Who benefits? Not the locals

An environmental study commissioned by Nalcor downplayed the negative environmental effects of Muskrat Falls. The company admits that the dam will increase levels of toxic methylmercury in water and plankton but claims it will remain “in the natural ranges observed for lakes and rivers”. A subsequent modelling study by Harvard researchers predicted much higher concentrations of methylmercury in the waters surrounding Innu and neighbouring Inuit communities and predicted that “increases in methylmercury concentrations resulting from flooding associated with hydroelectric development will be greater than those expected from climate change”.

Under construction: the reservoir created by Muskrat Falls will flood lots of trees, vegetation and topsoil. Organic material will eventually break down and add methylmercury to the water. Colin Samson, Author provided

For people who continue to rely on fishing, this is shattering. A number of Innu and their supporters, alarmed by the likely impact, have now called for a complete rethink. They have organised protests at the site, where five Innu were dragged away, arrested and charged by police.

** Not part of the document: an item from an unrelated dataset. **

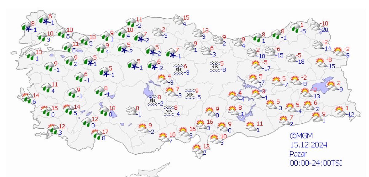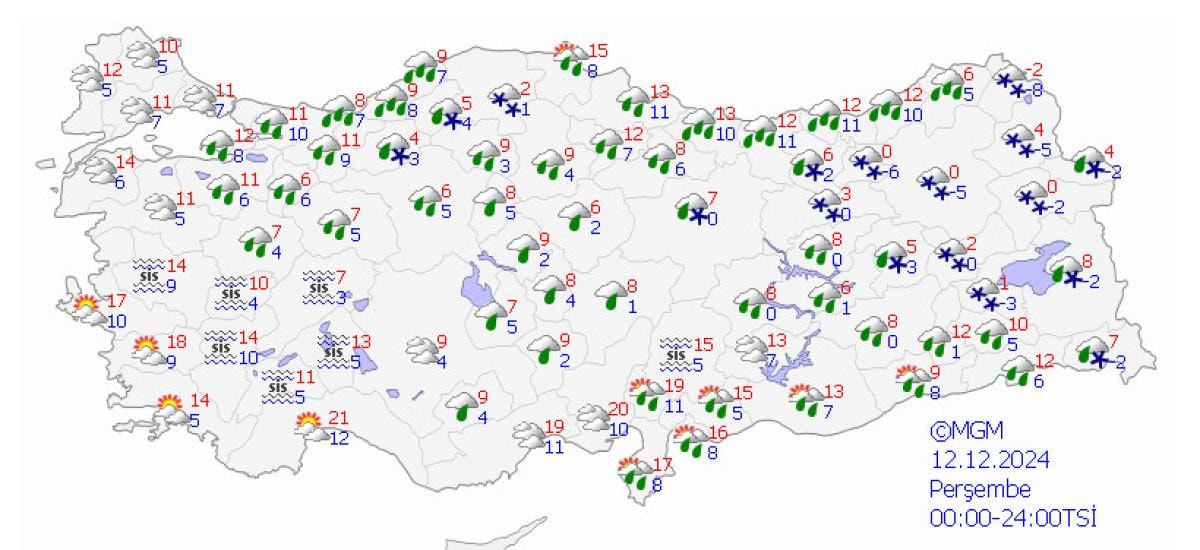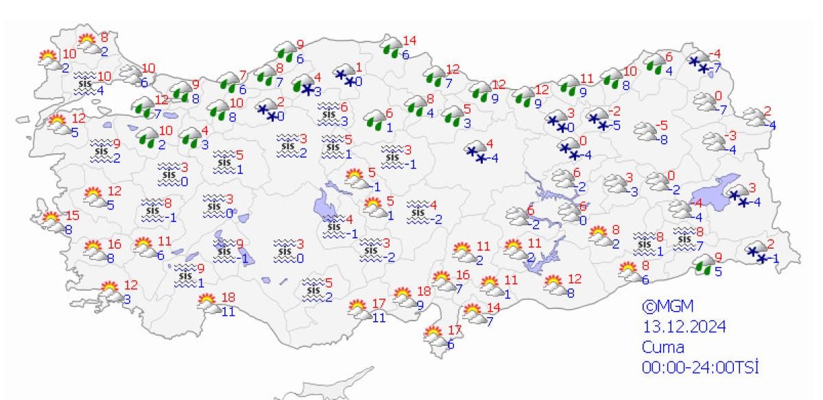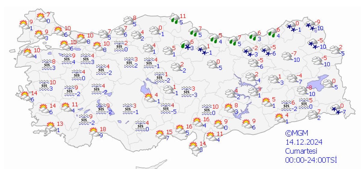 Yağışların; Marmara’nın güney ve doğusu, Kuzey ve Kıyı Ege ve Batı Karadeniz'de yerel kuvvetli olması bekleniyor. Ülkemizin doğu kesimlerinde buzlanma ve don olayı ile birlikte pus ve yer yer sis bekleniyor.

Nalcor says the dam will bring stable electricity prices, clean energy and jobs. But though the jobs brought to the nearby Innu community of Sheshatshiu provided a quick injection of cash they also increased existing community problems. People there told me cocaine and alcohol abuse have increased because of the high pay and shift work patterns at Muskrat Falls, along with subsequent family destabilisation and child neglect. This adds to endemic health problems such as high diabetes and suicide rates that are 14 times higher than the Canadian average. Community infrastructure remains terrible – one village even lacks drinkable water.

The very high costs of living in Labrador have always been offset by subsistence hunting, fishing and gathering, but with Muskrat Falls now joining a network of other hydroelectric projects spanning Innu territories across the Labrador-Quebec peninsula, the continual violation of their rights is increasingly imperilling their ability to enjoy healthy and sustainable lifestyles. While international attention focuses on the trampling of indigenous rights in developing countries, we should not forget that Muskrat Falls joins a long history of dispossession in North America.